Gifted Time

Thick enough to choke a horse by the time it was finally retired in 1993, it had been in print for a century until the internet began to emerge and supplant it. It contained within its innumerable full-color pages practically all of the wants or needs of any American consumer — aside from perishables, that is — and bore enough heft to register on a common bathroom scale. It was my childhood’s Amazon.com, and you didn’t need an electronic device to access its content. When neither stored away nor browsed, its “literal” physical depth allowed it to function as an effective booster seat for a toddler at the dinner table. That being said, my generation should be the last to retain any memory of handling the massive, unwieldy paperbound object known as the general Sears catalog.

Each fall, my siblings and I would haul this beast out of our grandparents’ hall closet in anticipation of Christmas and thumb eagerly through its exhaustive, static, two-dimensional display of wares to assemble our wish lists. For obvious reasons, the pages of the toy section near the back-half received the most copious attention from the three of us. The latest and greatest Star Wars or G.I. Joe playthings, for my part, made the top of my lists nearly every year during the unforgettable decade that was the 80s until I moved on to other, more mature interests. As my childhood faded from view, so did the Sears catalog from the marketplace.

Kids live for Christmas, regardless of the tools they employ to detail their desires as scrupulously as a corporate accountant. My siblings and I were no exception. Even when Santa was ultimately revealed as merely a jolly illusion, I found renewed meaning in my parents’ offer to assist in the secret Christmas morning facade of a visit from St. Nick for my younger sister’s and brother’s benefit. On these occasions, I was permitted to stay up later, given my help assembling gifts dubiously procured from Santa’s sleigh before placing them carefully next to the tree for discovery the following morning.

As a professional adult with a disposable income, I exchanged preferences and found greater delight in giving over receiving. For a spell, I had a knack for pinning down just the right item for certain family members or friends, often nothing that was pointedly requested, making the pleasure of the surprise all the more meaningful. Such gifts are unmatched in my opinion, for they have less to say about the thing itself and more about the poignant satisfaction of being understood by another so well that words stating wishes are wholly unnecessary — I know who you are, and here’s an object to prove it.

My wife did not long have an opportunity to make the acquaintance of this version of myself, however. I don’t know when the change occurred for me, but change it did. She is much more familiar with a husband who requires a detailed list of wants for her and for others each year the season returns and who, conversely, as she observed plainly early into our marriage, “doesn’t like things.” While I wouldn’t put it that way, it is true I have been known to struggle to compose a wish list.

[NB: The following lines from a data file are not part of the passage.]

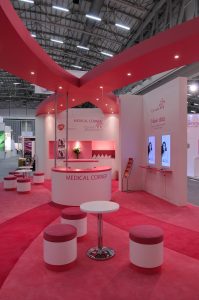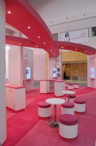 Das Layout war bewusst offen und zugänglich gestaltet und umfasste klar definierte Zonen wie einen zentralen Empfangsbereich, informelle Sitzbereiche und Punkte für digitales Engagement. Integrierte Bildschirme und Produktpräsentationen unterstützten die klare und professionelle Vermittlung medizinischer Informationen.
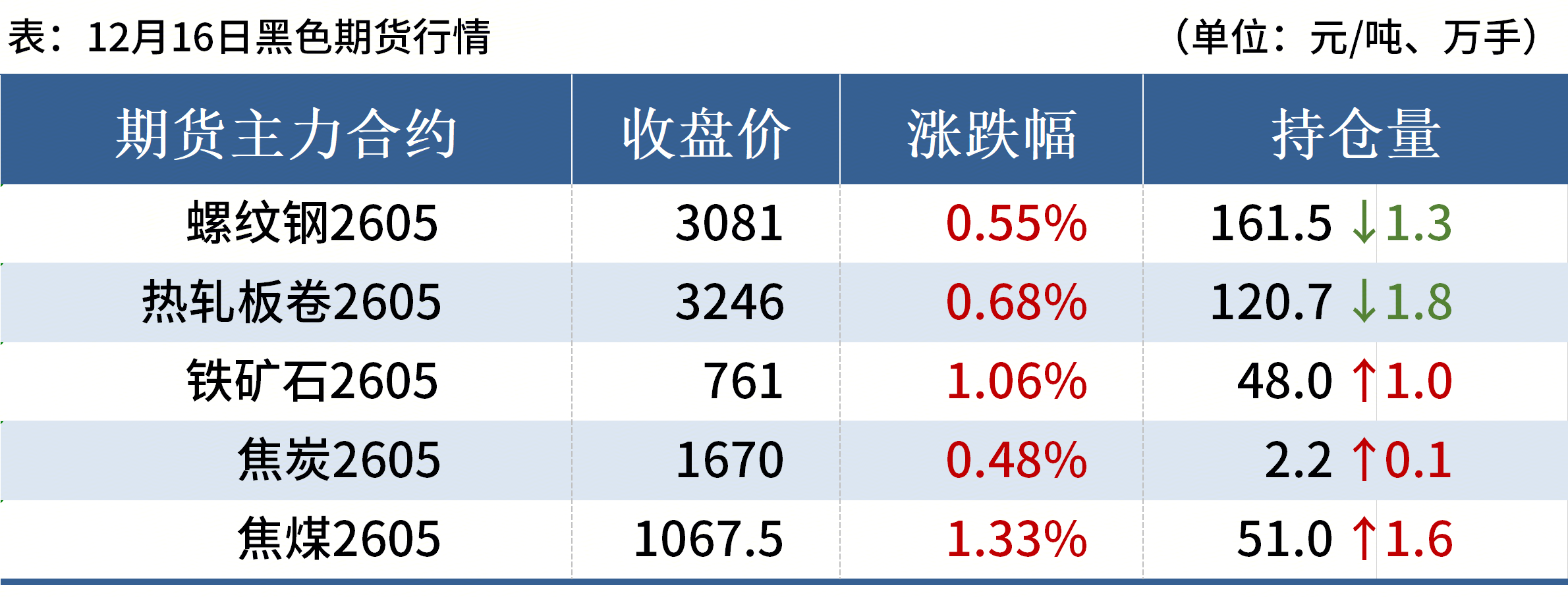 铁矿石:12月16日,山东港口进口铁矿价格较上一工作日小幅上涨,累计上涨3-5。区域内贸易商报价积极性尚可,成交较少;买盘方面,区域内钢厂按需补库,询盘较少。目前60.8%PB粉主流在778-780;超特粉主流在670-675;61.6%PB块主流在850-855。
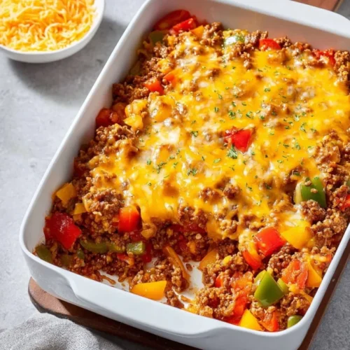 Looking for a cozy dish that’s bursting with flavor and oh-so-satisfying? Look no further than this Stuffed Pepper Casserole! It’s like all the goodness of your favorite stuffed peppers, packed into a warm, creamy casserole that’s sure to become a family favorite. Picture this: tender bell peppers mingling with seasoned ground beef, hearty brown rice, and melty cheddar cheese, all coming together in a one-dish wonder that’s both simple and delicious. Perfect for any season, this meal is not only comforting but also incredibly easy to whip up, making it ideal for busy weeknights or lazy weekends.
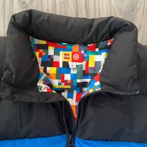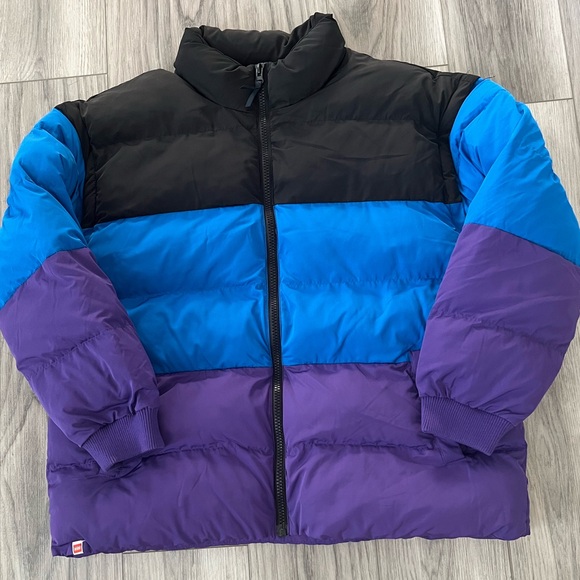Black and purple reversible puffer jacket with 2 pockets and a hood #reversible #pufferjacket
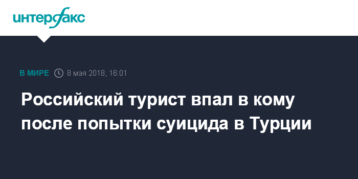 Москва. 8 мая. INTERFAX.RU - Турист из Екатеринбурга впал в кому после попытки суицида на курорте в турецкой Аланье, сообщили "Интерфаксу" во вторник в пресс-службе страховой компании ERV.
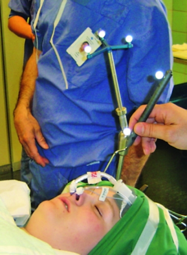 Vid operationstillfället applicerades den prefabricerade bettskenan. Patientens huvud fixerades i ett Mayfieldstöd vid vilket referensstjärnan var fäst. En sladdlös laserskanner, Z-touch (Brainlab, Tyskland), användes för att först göra en registrering av väldefinierade anatomiska strukturer utan bruk av markörerna i bettskenan. Noggrannheten i denna registrering kontrollerades sedan med en ny registrering med hjälp av markörer i skenan. Båda registreringarna visade en noggrannhet på mindre än 0,5 mm. Även längden på sågblad och osteotomer kalibrerades med navigationssystemet så att man under operationen kunde följa instrumentens positioner på dataskärmen (Figur 5).
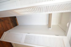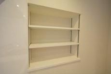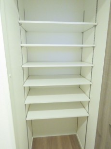 一番手前は収納棚。奥行きがあって棚の手前に尺のある物も入るようになっています。天井まで詰められるので結構入りますよ。

This past Christmas, for instance, I admit for the first time in memory I lacked the wherewithal to submit even a vacant sheet of paper with my name alone at the top. There simply wasn’t anything I wanted. Not to worry, though. My wife completed my homework in my stead. She can’t bear exclusion and would make certain the tree would shelter packages for me another year.

I’m not sure it’s possible for any of us to imagine Christmas without gifts; they seem one and the same, each inseparably linked to the other. I know this to be so for our own children, as I’ve observed the last five years with them. In spite of having begun the first few years of their lives in difficult places, mention of the season almost immediately inspires composition of their wish lists, which are hardly modest, as I might have expected, and are just as lengthy and comprehensive as any given kid’s. A glance back toward relatively recent history, however, as I’ve discovered, reveals portions of this tradition were grafted in, at least in America.

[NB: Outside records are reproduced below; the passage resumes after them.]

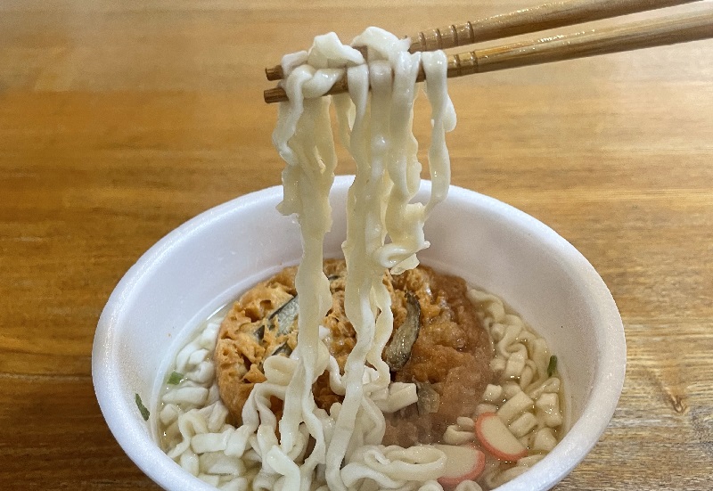 一般的なカップうどんの出汁とは確かに違いますね。美味しい。
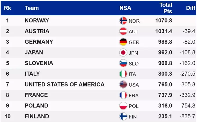 Збірна Норвегії, яку представляли Теа Міньян Бьорнсет, Крістоффер Еріксен Сундал, Айрін Марія Квандал та Йоханн Андре Форфанг, набрала 1070.8 балів та посіла перше місце в командному турнірі. Другими фінішували австрійці, програвши лідеру 39.4 бали. Третіми стали представники Німеччини.
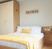 Self-contained kitchen and living space Situated on the ground floor Approximately 16.8m2 Double bed, triple wardrobe and a large desk (Please note that bedding and other soft-furnishings are not included) Includes en-suite bathroom with double shower HD Flat Screen TV, comfortable leather sofa
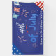 Celebrate Independence Day with this minimalist yet festive party banner. The deep blue background sets the stage for the bold "Happy 4th of July" text in light blue and white. Minimalist illustrations of firecrackers and starbursts in red, white, and blue add a touch of fireworks flair. Hanging buntings with the letters "U", "S", and "A," along with triangular sections featuring stars and stripes, pay homage to the American flag. This design strikes the perfect balance between simplicity and patriotism, making it an ideal choice for your 4th of July celebration decor.
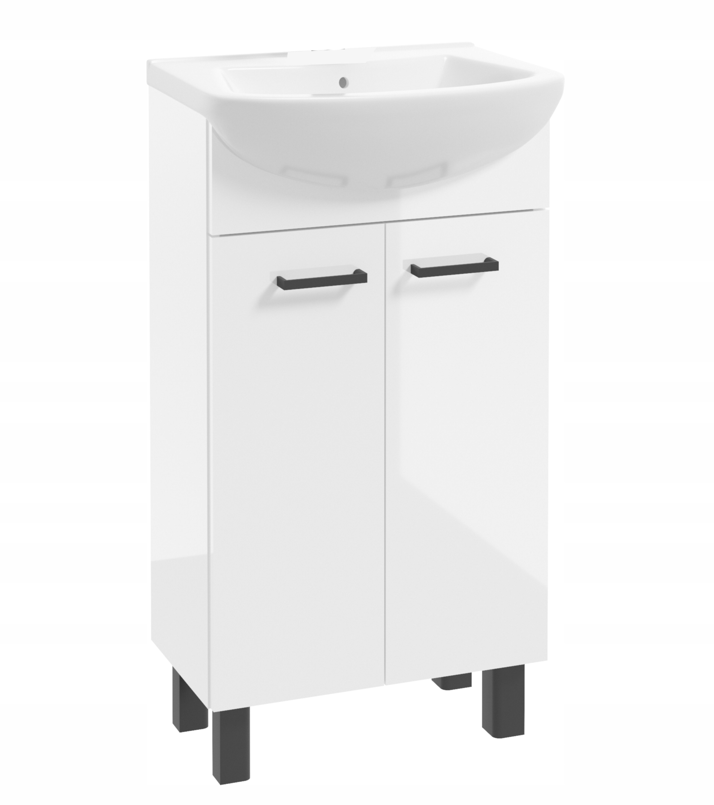✅Szafka łazienkowa z umywalką 45 cmNiepozorna i zgrabna szafka razem z wygodna umywalką tworzą idealny duet do łazienki, w której liczy się każdy centymetr.Szafka jest cała biała, ma białe lakierowane fronty. W środku do dyspozycji mamy wolną przestrzeń szafki na niezbędne akcesoria toaletowe bądź chemię.
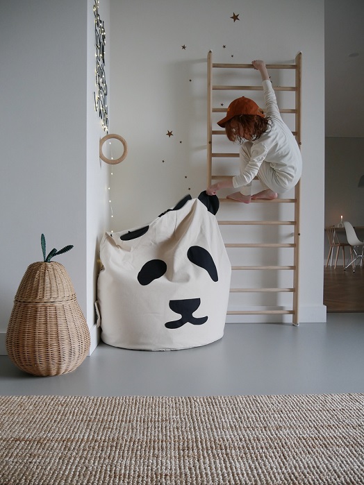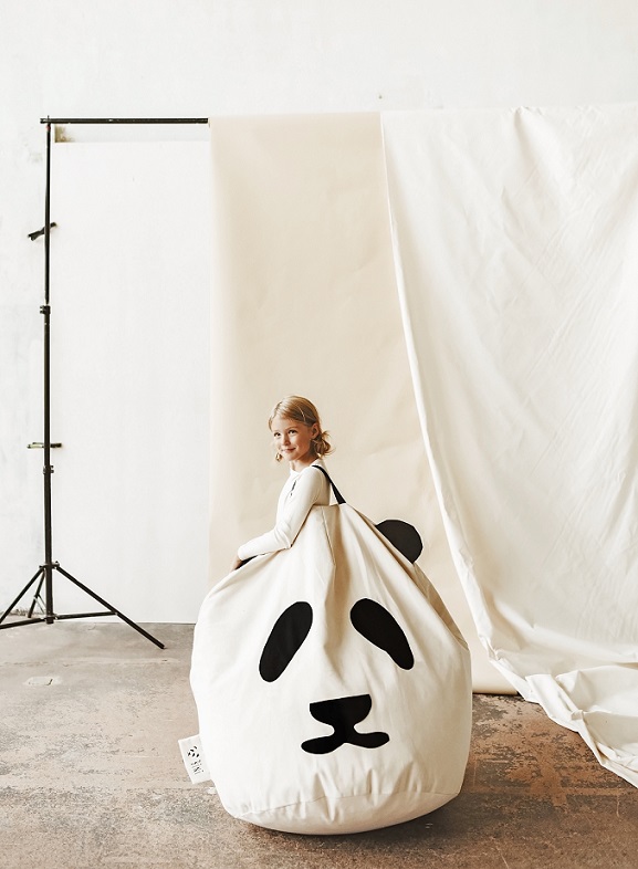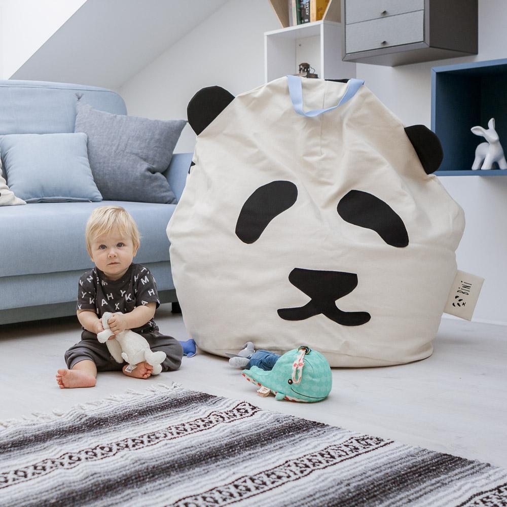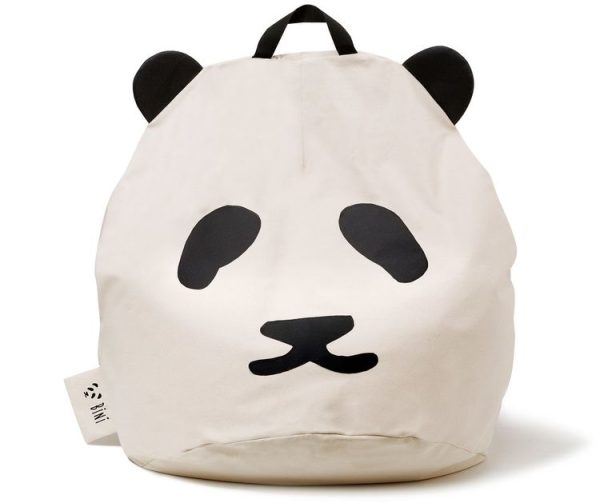 Bini saccosäck har ett motiv av ett gulligt pandamotiv och kan väljas att få med antingen blå eller svarta handtag.
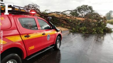 Temporal derruba árvore e bloqueia rodovia MG-230 em Patrocínio
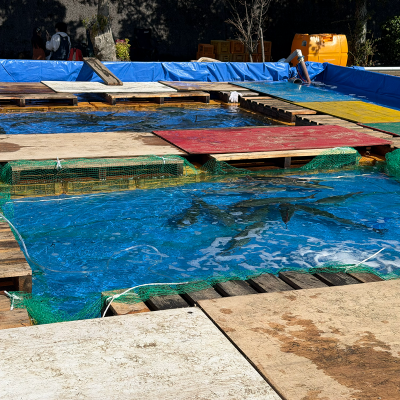 ↓水槽で泳ぐ大きな魚たち。じつはこのあとこの魚のつかみ取り大会やるんだって。怖いわ~。

It bears no mention that gift giving is a longstanding, historical human practice across all cultures and timeframes. Its association with Christmas here in America, however, notably with children, has its own unique flavor. In a 2015 article in The Atlantic titled “Why Children Get Gifts on Christmas,” Paul Ringel attempts to answer the question, noting that “no broad historical precedent exists for the link” between the Christian faith and Christmas gifts, in spite of occasional references, as I grew up hearing, to the wise men’s offerings to Christ at his birth.

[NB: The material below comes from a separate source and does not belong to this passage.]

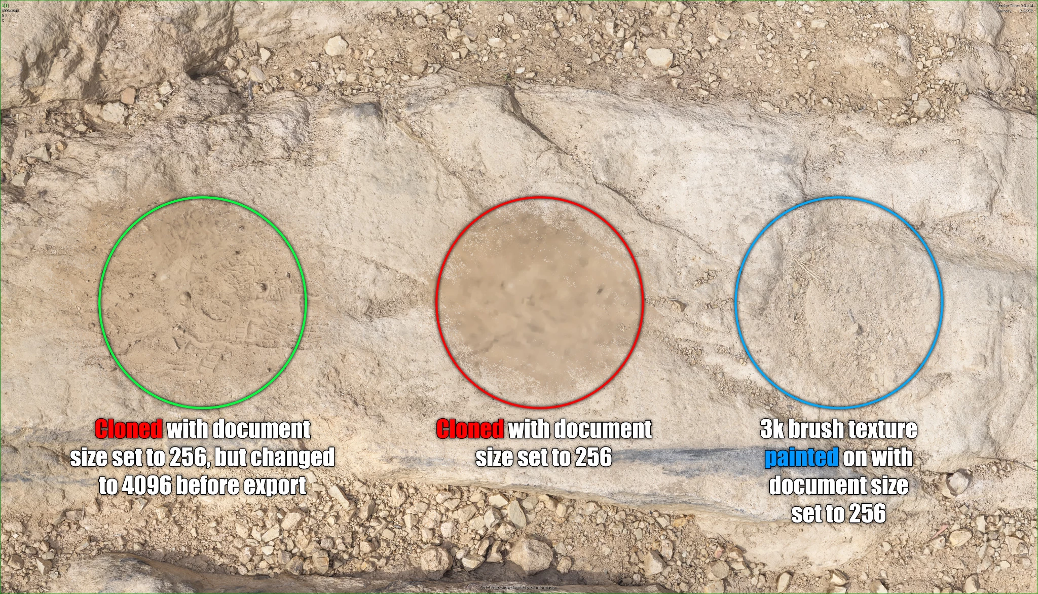 Attached is an example. The inputs and outputs of this model were 8K UDIMs. I cloned some areas with my document size set to 256. I also painted a stroke from a 3k brush while the document size was set to 256. Then i exported (at 8k). The red and blue circles were the result. Then i set my document size to 4k and rexported (at 8k). The green circle is the result.

“The practice of buying Christmas gifts for children,” Ringel writes, “began during the first half of the 1800s, particularly in New York City, and was part of a broader transformation of Christmas from a time of public revelry into a home- and child-centered holiday.” Clement Clarke Moore’s “A Visit from St. Nicholas,” also known as “The Night Before Christmas,” was one of several tools utilized at this time by wealthy movers and shakers to migrate the season into the home and out of the streets. This poem was also among the first to promote the idea of Santa visiting the homes of children to distribute gifts under cover of wintery darkness and dream-filled slumber.

I acknowledge I could slothfully allow Ringel to expand my word-count and permit him instead to fill this space, though properly attributed. I’ll leave it to you, however, to determine whether or not to allow him the time to explain fully the finer points; his piece is easy enough to locate. Suffice it to say that Santa’s busy Christmas Eve distribution and the fact of kids as focal recipients of gifts here in the U.S.A. is a tradition that had a beginning not necessarily linked to the “reason for the season,” if you will. It is simply a tradition, nothing more, nothing less — a national, not religious one, it would seem, with curiously few, if any, authentic roots in the Christian faith.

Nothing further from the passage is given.